* **EXERCISE MATERIALS**
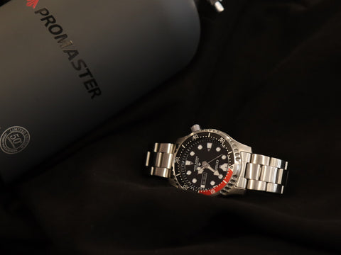 Le bracelet acier est équipé d’une boucle déployante avec un système de rallonge de bracelet pour pouvoir enfiler la montre par dessus la combinaison. Etanche jusqu’à 200 mètres, cette Citizen Promaster Diver saura vous accompagner dans toutes vos aventures terrestres et sous-marines.
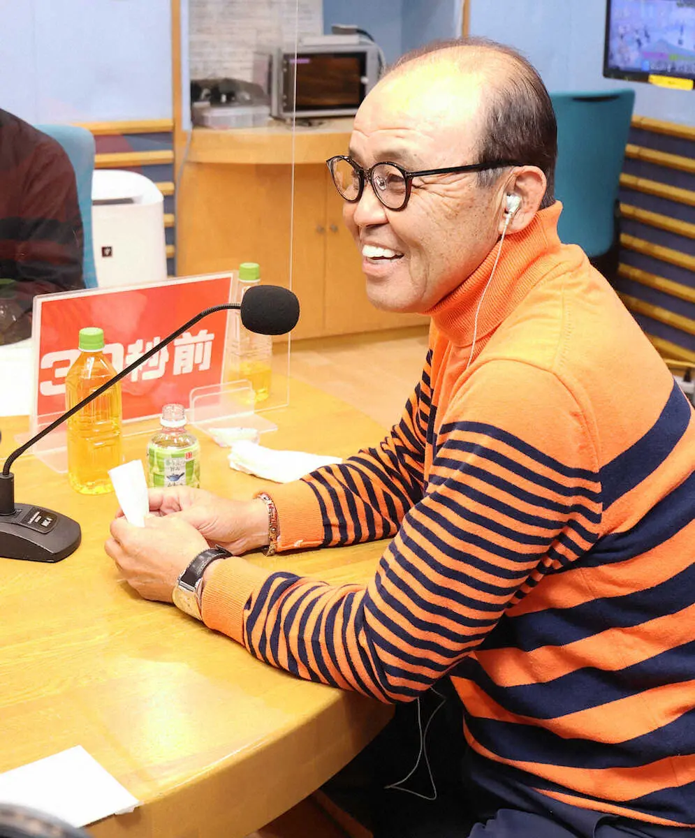 MBSラジオ「森たけしのスカタンラジオ」に出演した岡田監督(撮影・岸 良祐)
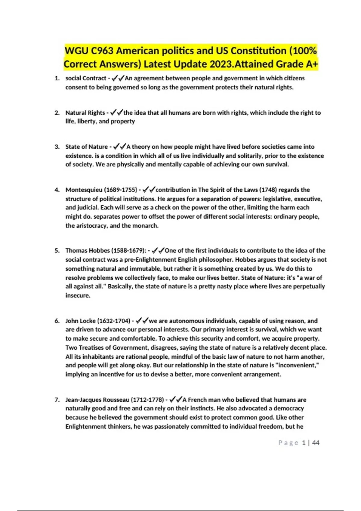 WGU C963 American politics and US Constitution (100% Correct Answers) Latest Update 2023.Attained Grade A+.docxWGU C963 American politics and US Constitution (100% Correct Answers) Latest Update 2023.Attained Grade A+.docx
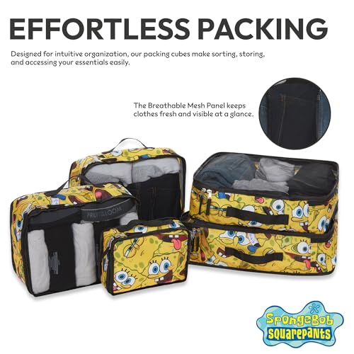 SpongeBob SquarePants Packing Cubes Set – 5-Piece Travel Luggage Organizer with SpongeBob, Patrick & Mr. Krabs – Fun Packing Essential for Kids, Teens, and Adults 5
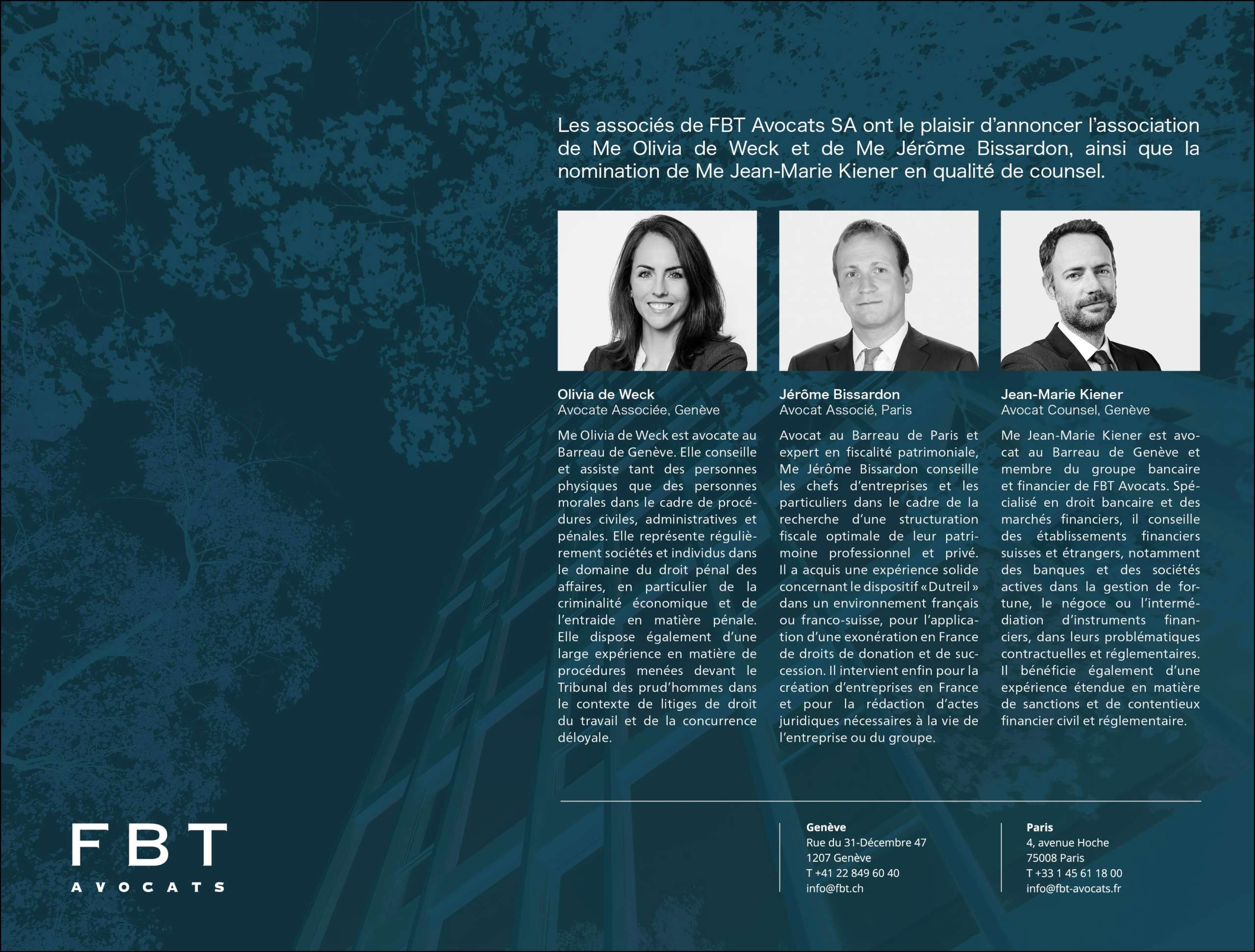 Les associés de FBT Avocats SA ont le plaisir d’annoncer l’association de Me Olivia de Weck et de Me Jérôme Bissardon, ainsi que la nomination de Me Jean-Marie Kiener en qualité de counsel.
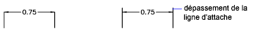 Spécifie la distance correspondant à l'allongement des lignes d'attache au-delà de la ligne de cote (variable système DIMEXE)
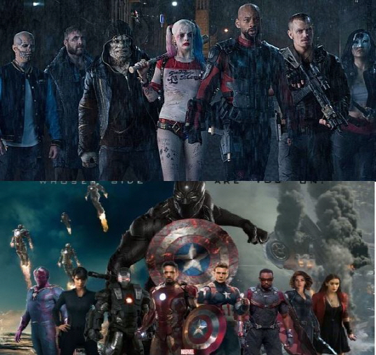 마블에 비해 한참 뒤쳐진 DC가 하루라도 빨리 많은 캐릭터를 출격시켜 마블 시네마틱 유니버스처럼 자신들만의 DC 세계관을 구축하려고 욕심을 부렸다. 그로 인해 '수어사이드 스쿼드'에는 메인 캐릭터만 7명이 등장한다. 개성강한 캐릭터들이 단체로 등장하는 것만 보면 마블의 히트작 '어벤져스'를 떠오르게 하지만 이야기를 풀어내는 방식은 '어벤져스'와 전혀 다르다.
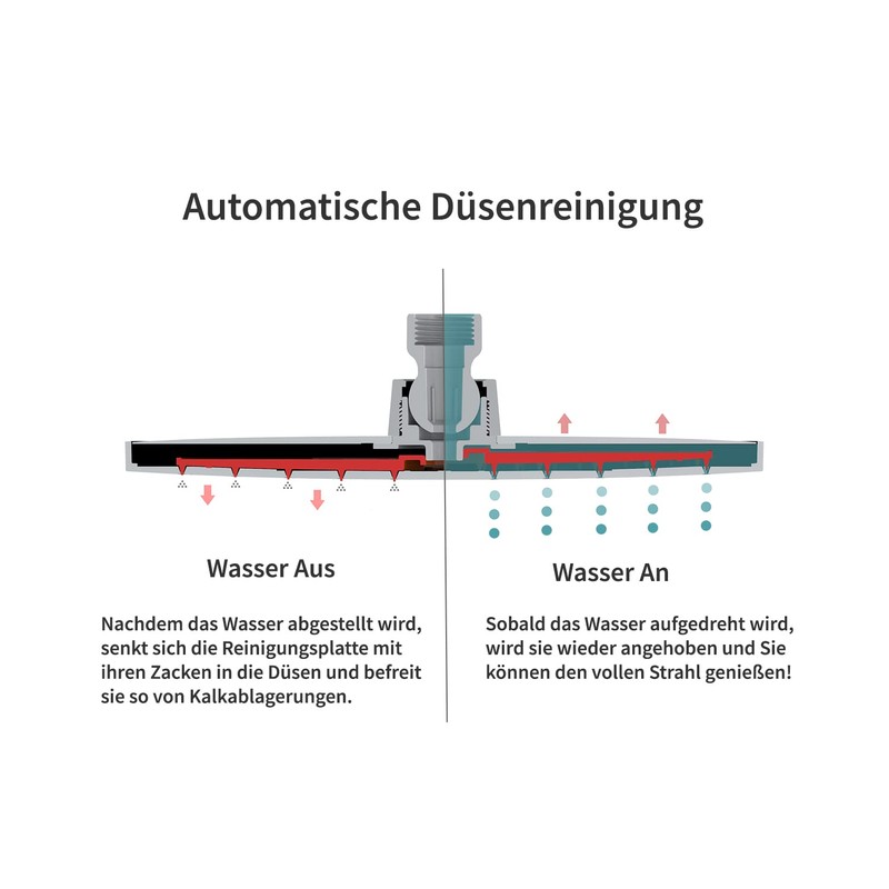 - The self-cleaning rain shower. No more clogging nozzles due to limescale deposit. With the self-cleaning function, all nozzles are automatically cleaned and thus constantly kept free of deposits.
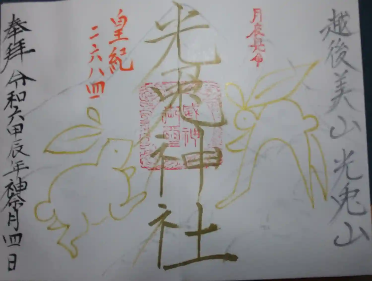 可愛い兎が描かれてる御朱印を直書きで拝受していただ…
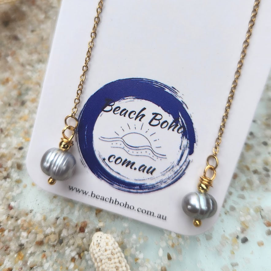 14 ct Plated Hyper Allergenic Thread Baroque Silver Grey Pearl Earrings (Stud Back or Thread thru to your choice of length) Each Pair made from
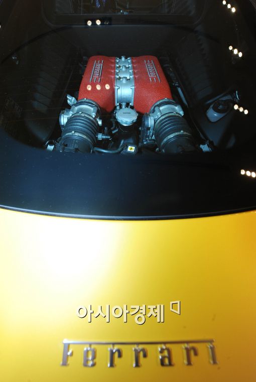 [아시아경제 이재문 기자]수퍼카 브랜드 페라리가 29일 서울 신사동매장에서 '페라리 458 이탈리아'를 선보이고 있다. '페라리 458 이탈리아'는 F1의 황제 미하엘 슈마허가 제작에 직접 참여, 8기통 4.5리터의 미드리어 엔진을 탑재했다. 최고출력 570마력, 최대토크 55.1kg.m, 제로백 3.4를 자랑한다. 가격은 3억 7천 2백만원.
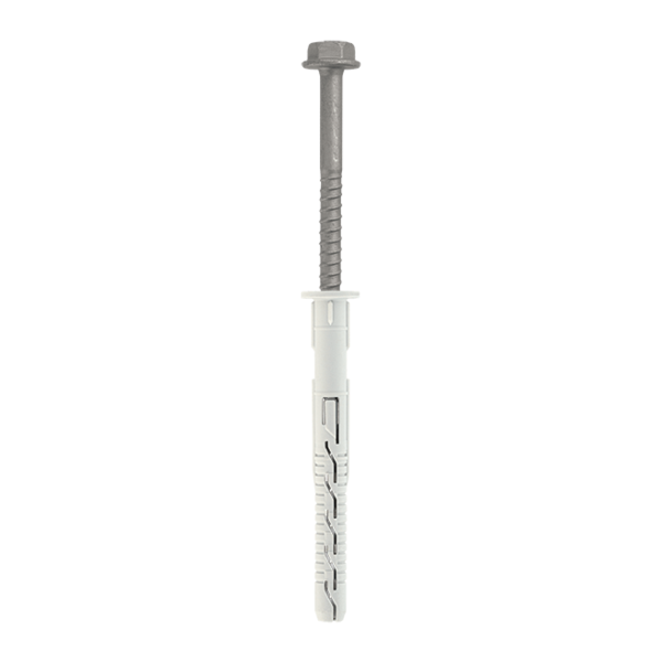 Kołek ramowy z wkrętem do trwałego mocowania elementów konstrukcyjnych i instalacyjnych w betonie, cegle i pustakach. Idealny do stolarki okiennej, drzwiowej, fasad, balustrad i innych mocowań.
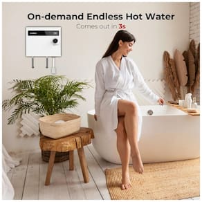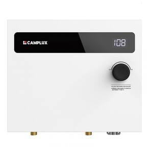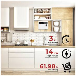 O elemento aquecedor é separado do tubo de água, reduzindo o acúmulo de calcário, corrosão e incrustações minerais. O gabinete compacto em acabamento branco possui dimensões reduzidas, sendo até 91,55% menor que aquecedores elétricos convencionais com reservatório, e é fixado na parede, sendo compatível com instalação em armários, banheiros, garagens e porões. A instalação é do tipo fixo na parede (hardwire), com conexão de água de 1/2" NPT. O produto é certificado ETL e possui proteção contra superaquecimento e desligamento automático quando não há fluxo de água detectado.

* **GOAL OF THE EXERCISE**
In the listing above, find the line with "Spécifie la distance" and the line with "Kołek ramowy z". Output both, plus every line between them, and no pictures.

* **FINISHED EXERCISE**
 Spécifie la distance correspondant à l'allongement des lignes d'attache au-delà de la ligne de cote (variable système DIMEXE)
 마블에 비해 한참 뒤쳐진 DC가 하루라도 빨리 많은 캐릭터를 출격시켜 마블 시네마틱 유니버스처럼 자신들만의 DC 세계관을 구축하려고 욕심을 부렸다. 그로 인해 '수어사이드 스쿼드'에는 메인 캐릭터만 7명이 등장한다. 개성강한 캐릭터들이 단체로 등장하는 것만 보면 마블의 히트작 '어벤져스'를 떠오르게 하지만 이야기를 풀어내는 방식은 '어벤져스'와 전혀 다르다.
 - The self-cleaning rain shower. No more clogging nozzles due to limescale deposit. With the self-cleaning function, all nozzles are automatically cleaned and thus constantly kept free of deposits.
 可愛い兎が描かれてる御朱印を直書きで拝受していただ…
 14 ct Plated Hyper Allergenic Thread Baroque Silver Grey Pearl Earrings (Stud Back or Thread thru to your choice of length) Each Pair made from
 [아시아경제 이재문 기자]수퍼카 브랜드 페라리가 29일 서울 신사동매장에서 '페라리 458 이탈리아'를 선보이고 있다. '페라리 458 이탈리아'는 F1의 황제 미하엘 슈마허가 제작에 직접 참여, 8기통 4.5리터의 미드리어 엔진을 탑재했다. 최고출력 570마력, 최대토크 55.1kg.m, 제로백 3.4를 자랑한다. 가격은 3억 7천 2백만원.
 Kołek ramowy z wkrętem do trwałego mocowania elementów konstrukcyjnych i instalacyjnych w betonie, cegle i pustakach. Idealny do stolarki okiennej, drzwiowej, fasad, balustrad i innych mocowań.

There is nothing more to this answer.